What you return should match every record exactly, with the images removed.
═══
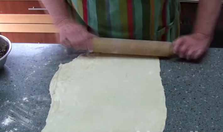- Sur une table pilée avec de la farine, étalez la pâte en une mince couche, coupez-la en carrés et étalez le mélange.
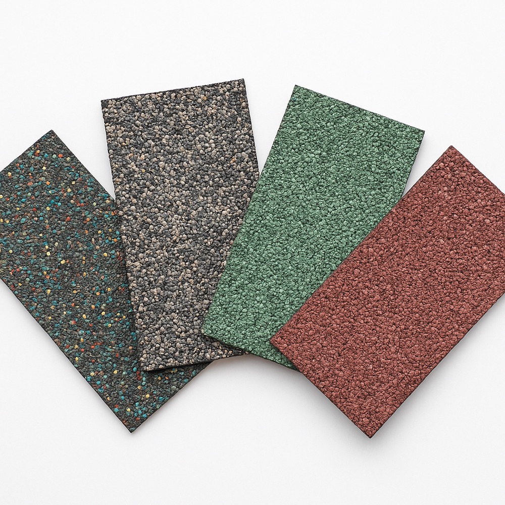 محصولات توليدي حاوي SBS (استايرن، بوتادين، استايرن) استفاده شده به ايزوگام نوع S و محصولاتي كه در تركيب قيري آنها از App (اتكتيك پلي پروپيلن) استفاده شده به ايزوگام نوع A موسوم اند. به منظور كاهش آثار مخرب اشعه آفتاب و صدمات مكانيكي به محصول نصب شده و نيز جدايش كافي لايه هاي رول قبل از نصب، از پوششهاي سنگ ريزه پولكي ( Slate flake )، سيليس، پودر تالك يا فويل آلومينيوم استفاده شده است. اين عايق در كليه ي سطوح قابل استفاده مي باشد.
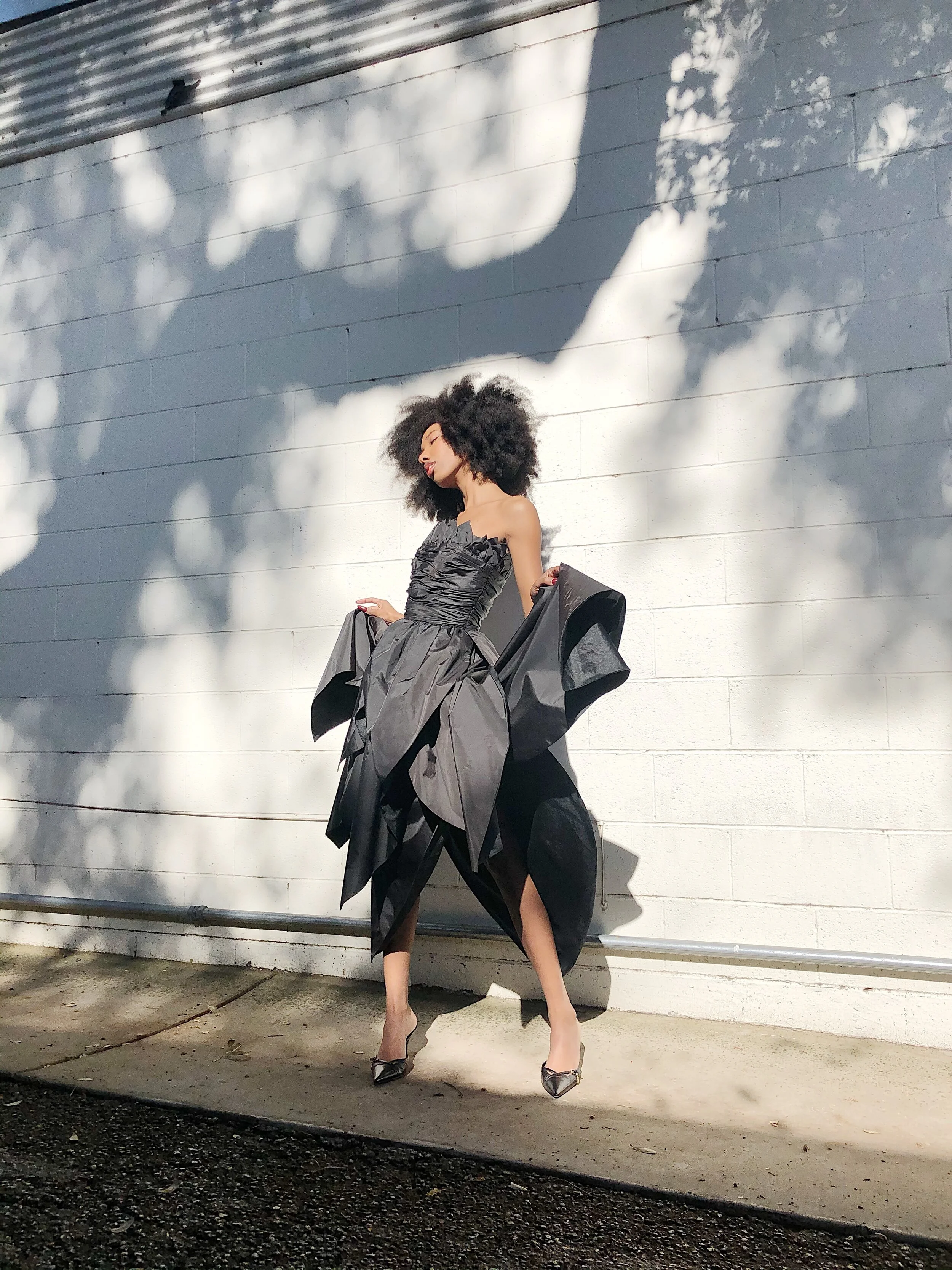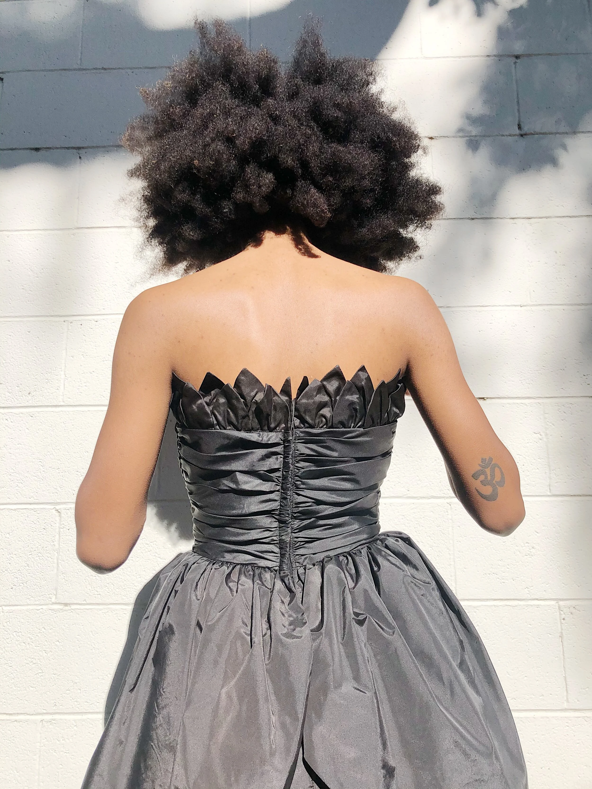 A romantic black petal gown by Victor Costa! Like a delicate flower, this dress captures the true essence of a bloom. A strapless fit has tiers of petals that form an assymetrical hem skirt. The ruched cummerbund style waist has boning for support. Hidden zipper at back.
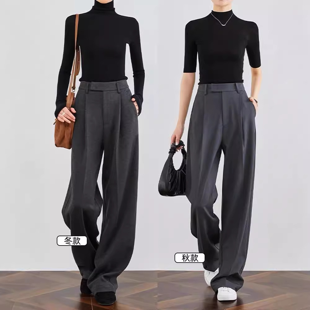 醋酸羊毛加长西装裤高腰直筒秋冬拖地宽松加厚阔腿裤西裤垂感休闲
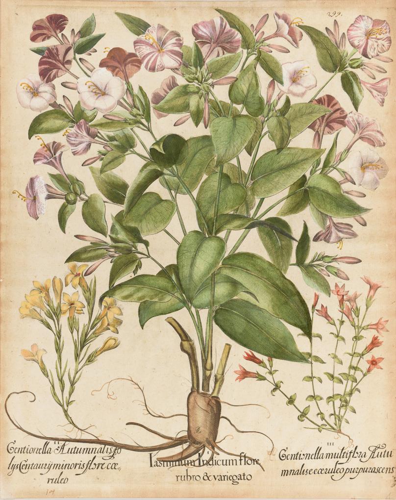 Detaillierte Pflanzendarstellungen von Enzian und Jasmin aus: Basilius Beslers "Hortus Eystettensis" ("Eichstätter Garten"). Kleiner Wasserschaden am unteren Rand, etwas griffspurig, kleines Loch unten links.
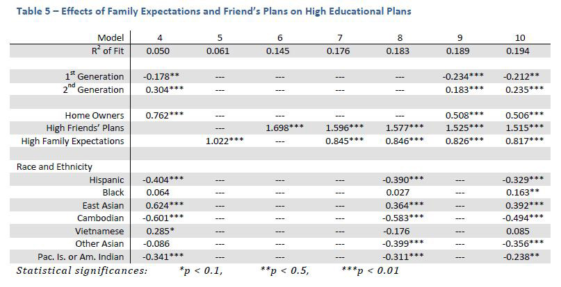 In my research, I draw upon these theories to examine the effects of acculturation on the higher educational aspirations and attainment of the children of immigrants relative to comparable youth of native born parents. Using data from the Beyond High School study, conducted by the University of Washington, Department of Sociology, I also examine the effects of peer and parent expectations on the development of college aspirations. The goal of this research is to gain is a clearer understanding of the role of community factors on immigrant assimilation.
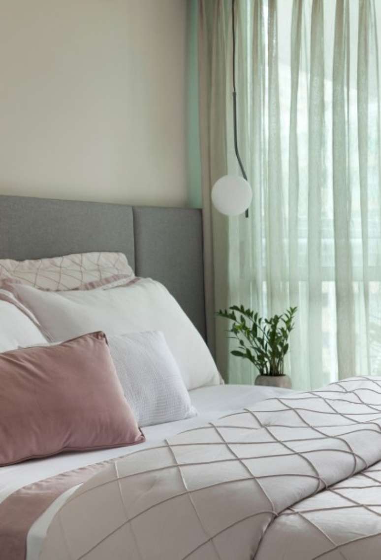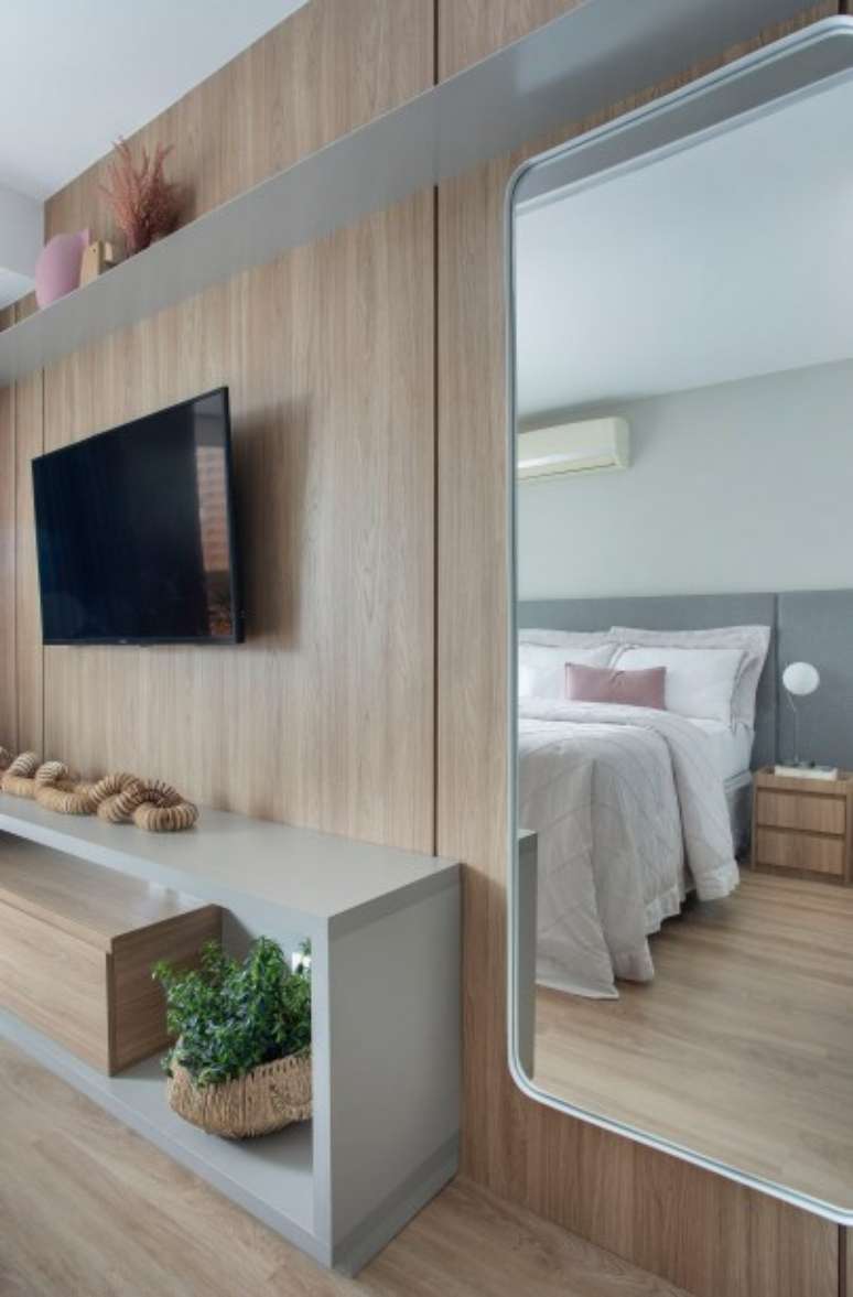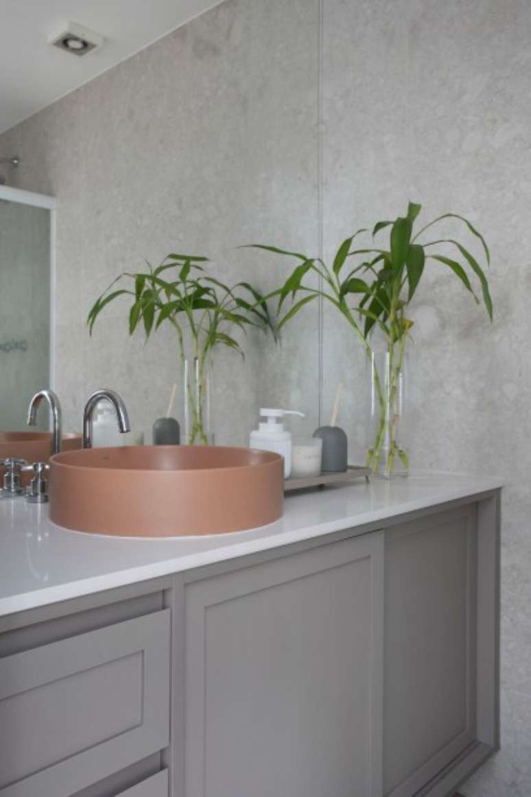 Já no quarto do casal, decorado predominantemente em tons neutros, o destaque fica por conta da mistura de materiais. Aqui, arquiteta combinou serralheria pintada de cinza, madeira e estofamento em tecido na cabeceira. No banheiro, a cuba de sobrepor, em tom terroso, rouba a cena.
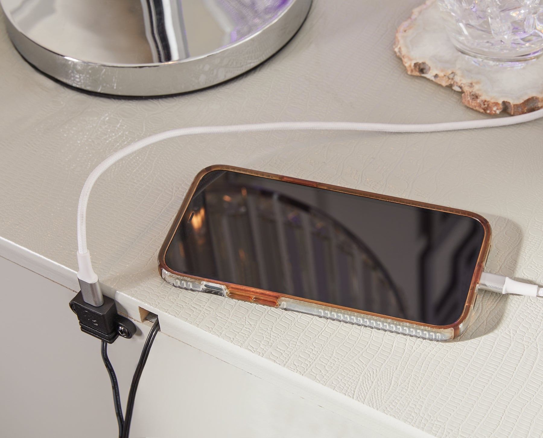 Details | Made with engineered wood (MDF/particleboard/plywood) and decorative laminate for the right balance of affordability and durability, Silvertone pearl finished faux gator, Decorative laminate replicates natural or man-made material surfaces with consistent color, pattern and texture, Handles with faux crystal accents, 2 smooth-gliding drawers, Drawer interiors are lined with a faux linen laminate for a clean, finished look, Faceted chrome-tone details, USB and wireless charging options, Power cord included; UL Listed, Minor assembly required | |
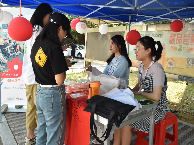 此次活动总共分为两部分,其一为部分志愿者在院主干道两旁进行摆点,宣传市红十字会志愿活动相关项目,进行九九公益日为肢残人士游泳服务的集资活动,致力于帮助肢残人士学习游泳开展康复训练。在学术报告厅前,其余的志愿者将获取的唐氏综合征家长互助中心的活动爱心包中的物品分类并安装完毕后,他们整齐排列,利用爱心包中的小国旗与小红花来拍摄视频《我和我的祖国》,在歌声中,挥动手中的小国旗和小红花,致敬祖国的同时,也号召他人积极了解关心唐氏宝宝,给他们的未来聚集力量,送去温暖。活动结束后,负责人会将所募捐的资金和视频资料交接给相关负责人,为唐氏宝宝以及肢残人士助力。
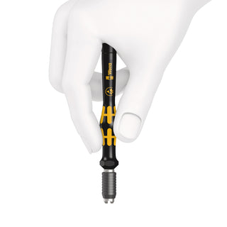 ESD-safe Wera Micro screwdriver set. Dependable protection against electrostatic energy and associated damage. Rapid twisting results from fixing the hand on the head and using the fast-turning zone just below. This makes time-consuming grip adjustments unnecessary. Power zones with integrated soft sections ensure the transfer of high loosening and tightening torque; a precision zone for the right rotation angle during fine adjustment work. The Black Point tip offers optimised corrosion protection and an exact fit.
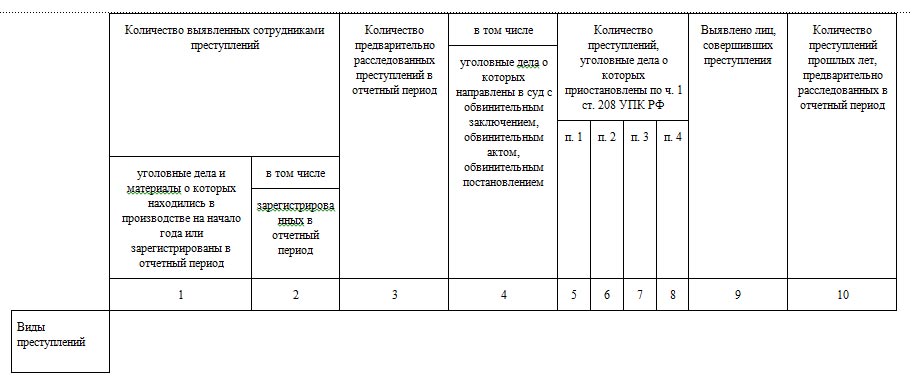 — № 1-ЕМ «Сведения об основных показателях следственной работы и дознания» (ежемесячная) 826 пунктов статистических показателей;
═══
Exercise solution |
- Sur une table pilée avec de la farine, étalez la pâte en une mince couche, coupez-la en carrés et étalez le mélange.
 محصولات توليدي حاوي SBS (استايرن، بوتادين، استايرن) استفاده شده به ايزوگام نوع S و محصولاتي كه در تركيب قيري آنها از App (اتكتيك پلي پروپيلن) استفاده شده به ايزوگام نوع A موسوم اند. به منظور كاهش آثار مخرب اشعه آفتاب و صدمات مكانيكي به محصول نصب شده و نيز جدايش كافي لايه هاي رول قبل از نصب، از پوششهاي سنگ ريزه پولكي ( Slate flake )، سيليس، پودر تالك يا فويل آلومينيوم استفاده شده است. اين عايق در كليه ي سطوح قابل استفاده مي باشد.
 A romantic black petal gown by Victor Costa! Like a delicate flower, this dress captures the true essence of a bloom. A strapless fit has tiers of petals that form an assymetrical hem skirt. The ruched cummerbund style waist has boning for support. Hidden zipper at back.
 醋酸羊毛加长西装裤高腰直筒秋冬拖地宽松加厚阔腿裤西裤垂感休闲
 Detaillierte Pflanzendarstellungen von Enzian und Jasmin aus: Basilius Beslers "Hortus Eystettensis" ("Eichstätter Garten"). Kleiner Wasserschaden am unteren Rand, etwas griffspurig, kleines Loch unten links.
 In my research, I draw upon these theories to examine the effects of acculturation on the higher educational aspirations and attainment of the children of immigrants relative to comparable youth of native born parents. Using data from the Beyond High School study, conducted by the University of Washington, Department of Sociology, I also examine the effects of peer and parent expectations on the development of college aspirations. The goal of this research is to gain is a clearer understanding of the role of community factors on immigrant assimilation.
 Já no quarto do casal, decorado predominantemente em tons neutros, o destaque fica por conta da mistura de materiais. Aqui, arquiteta combinou serralheria pintada de cinza, madeira e estofamento em tecido na cabeceira. No banheiro, a cuba de sobrepor, em tom terroso, rouba a cena.
 Details | Made with engineered wood (MDF/particleboard/plywood) and decorative laminate for the right balance of affordability and durability, Silvertone pearl finished faux gator, Decorative laminate replicates natural or man-made material surfaces with consistent color, pattern and texture, Handles with faux crystal accents, 2 smooth-gliding drawers, Drawer interiors are lined with a faux linen laminate for a clean, finished look, Faceted chrome-tone details, USB and wireless charging options, Power cord included; UL Listed, Minor assembly required | |
 此次活动总共分为两部分,其一为部分志愿者在院主干道两旁进行摆点,宣传市红十字会志愿活动相关项目,进行九九公益日为肢残人士游泳服务的集资活动,致力于帮助肢残人士学习游泳开展康复训练。在学术报告厅前,其余的志愿者将获取的唐氏综合征家长互助中心的活动爱心包中的物品分类并安装完毕后,他们整齐排列,利用爱心包中的小国旗与小红花来拍摄视频《我和我的祖国》,在歌声中,挥动手中的小国旗和小红花,致敬祖国的同时,也号召他人积极了解关心唐氏宝宝,给他们的未来聚集力量,送去温暖。活动结束后,负责人会将所募捐的资金和视频资料交接给相关负责人,为唐氏宝宝以及肢残人士助力。
 ESD-safe Wera Micro screwdriver set. Dependable protection against electrostatic energy and associated damage. Rapid twisting results from fixing the hand on the head and using the fast-turning zone just below. This makes time-consuming grip adjustments unnecessary. Power zones with integrated soft sections ensure the transfer of high loosening and tightening torque; a precision zone for the right rotation angle during fine adjustment work. The Black Point tip offers optimised corrosion protection and an exact fit.
 — № 1-ЕМ «Сведения об основных показателях следственной работы и дознания» (ежемесячная) 826 пунктов статистических показателей;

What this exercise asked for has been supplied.